Basilica of San Giovanni e Paolo and Monumento a Bartolomeo Colleoni

Basilica of San Giovanni e Paolo

This is the imposing gothic Basilica of San Giovanni e Paolo, or of San Zanipolo as the Venetians call it unifying the two names. If you stand in front of the elegant entrance, to the left of the door is a white marble sarcophagus, with carvings of two angels and doves with crosses on them. This was dedicated to an early Doge called Jacopo Tiepolo, who in a dream claimed he saw two angels accompanied by doves floating above a field covered in white roses, while a voice from above told him that was where he must build a church. He was the first of 21 Doges in Venice’s history who chose to be buried here, which is why San Giovanni e Paolo is often called the Pantheon of the Doges.

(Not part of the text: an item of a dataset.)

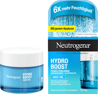 El Neutrogena Hydro Boost Aqua Gel es un cuidado hidratante ligero para piel normal y mixta. La fórmula eficaz combina el complejo de gel de ácido hialurónico para una hidratación intensiva con trehalosa 100% vegetal, para retenerla durante mucho tiempo. Así, el dúo de potencia, ácido hialurónico y trehalosa, proporciona hidratación continua todo el día, siempre exactamente cuando su piel la necesita. La piel queda suave, visiblemente flexible y refrescada. La fórmula ligera es libre de aceite y no obstruye los poros.

Although Jacopo Tiepolo’s dream might be more legend than truth, the church was built, and it might not seem like much nowadays, but at the time this whole area, as much of the city generally, was still swamp-like, muddy, dirty and rather smelly. Not ideal to build such a large, heavy and simply impressive building as this.


Monumento a Bartolomeo Colleoni

In front of the Church of San Giovanni e Paolo you’ll find the bronze monument dedicated to a general called Bartolomeo Colleoni as he rides proudly on his horse. It was sculpted by a Florentine man known as Verrocchio, master of the young Leonardo da Vinci. It is the first statue in history of a horse with one leg raised; you must consider how difficult it must have been to find the right proportions to keep such a heavy weight standing on only three legs.

Famously, Colleoni had fought many battles on behalf of the Venetians, who granted him a place of burial anywhere he wished; he requested his statue be placed in front of San Marco. Though he did not specify, there was no doubt he meant the Basilica of St.Mark’s in the famous Piazza, but the Venetian State, always adverse to blatant individual idolization, decided to misunderstand his intention, and place it here, since the building next to the church was at the time the Scuola Grande di San Marco. They did in fact do what he had asked, even if not what he had intended.